A recent event in the currency market drew further attention to this problem after an intervention by the Federal Reserve a few weeks ago. According to an article in Fortune, the dollar’s decline was due to the New York Fed, at the behest of the U.S. Treasury, conducting a “rare rate check” with currency traders on the dollar/Japanese yen exchange rate.

Currency traders were apparently spooked by the rate check and began selling the dollar, forcing it into what Fortune called “an unusually steep decline given the gargantuan scale of the dollar in the global economy.” The result was the U.S. Dollar Index (DXY) plummeting to its lowest level in four years—an event that can signal or precede higher inflation.

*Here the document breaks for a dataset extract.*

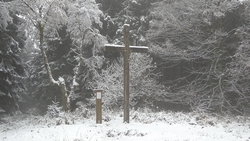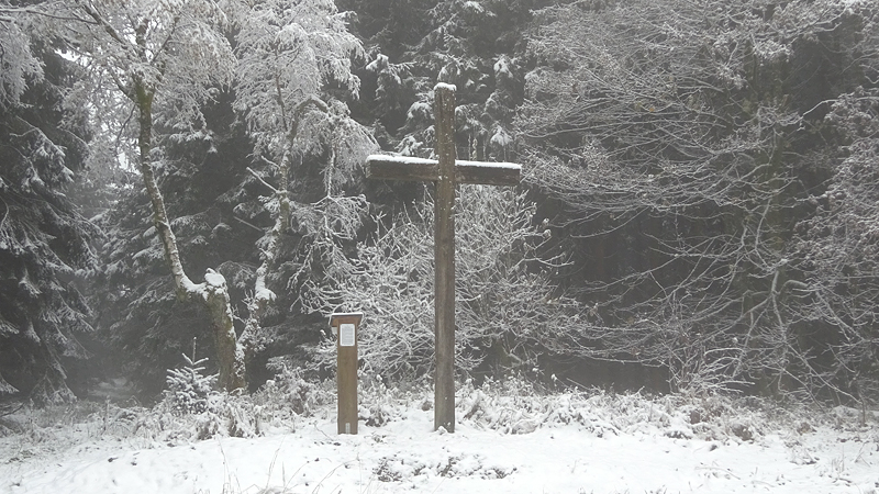 We kijken af en toe op de bordjes onderweg en daar staat ook de hoogte op. We zijn nu rond de 650 meter, dus 100 meter lager dan op de Bollerberg waar we gisteren zoveel plezier hadden met de sneeuw. Daar zal nu wel helemaal veel sneeuw zijn! We zien ook Winterberg staan en zien dat het maar 5 km is vanaf het punt waar wij weer omkeren. Maar we besluiten dat niet te doen. Dat is wel een erg groot extra lusje dan! We lopen even verder naar het Franzosenkreuz am Alten Weg en even later zijn we bij de splitsing waar wij rechtsaf slaan weer terug naar Hesborn.
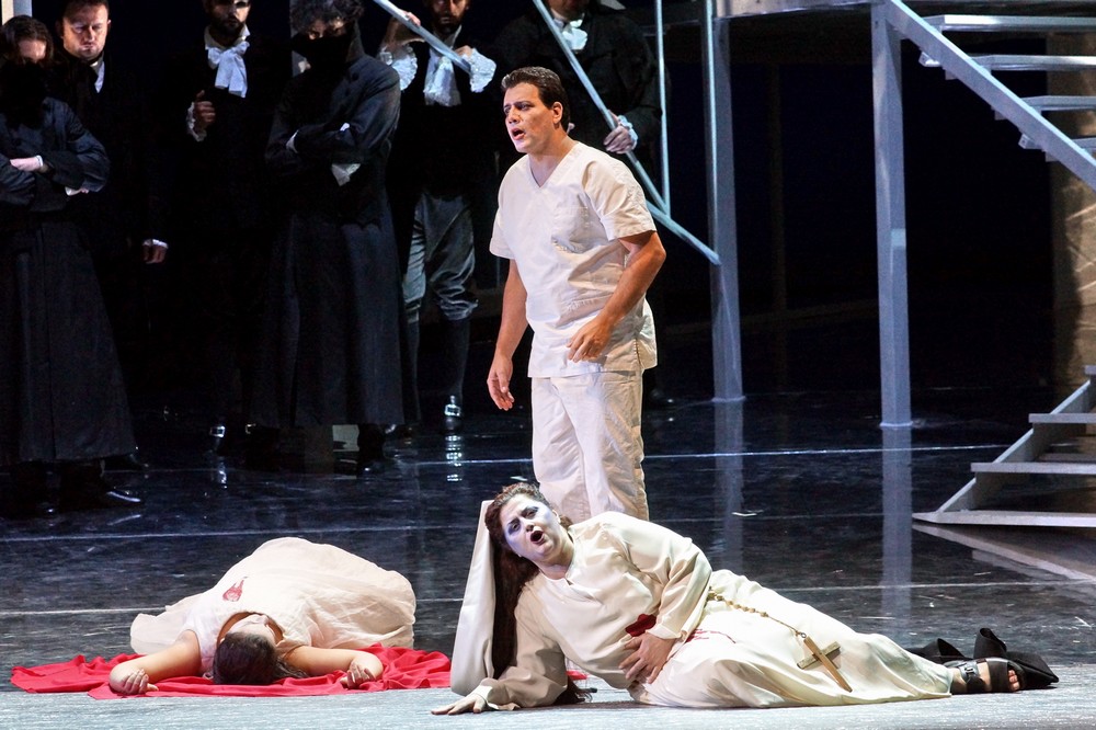 Keď sa nečakane pred uvítacím potleskom pre dirigenta zjaví na proscéniu ktosi z vedenia inštitúcie, spravidla to neveští nič dobrého. Jóbova zvesť v Bergame zaznela. Nešlo však o ohlásenie speváckej indispozície, ale o poďakovanie predstaviteľovi hlavnej tenorovej postavy Ivanovi Magrimu, že napriek vážnemu úrazu na generálke bol pripravený odspievať obe predstavenia na invalidnom vozíku. Žiaľ, realita. Nie čoraz častejšie podsúvaná režisérska barlička.

Another result of the weakening dollar has been the relentless rise in precious metals prices like gold and silver, with the yellow metal briefly hitting a lifetime high of $5,600 an ounce a couple of weeks ago before pulling back. And while gold is still below that all-time high, its persistent strength reflected in the rising trend of the last several months is another indication of just how entrenched dollar weakness has become.

Another consequence of currency weakness has been a surge in crude oil prices. Light sweet crude oil futures are up 22% from last year’s low around Christmas, in part due to dollar weakness (which magnifies rallies). And of course, stronger oil prices increase transportation costs, which in turn eventually filter into higher prices for a wide range of consumer goods.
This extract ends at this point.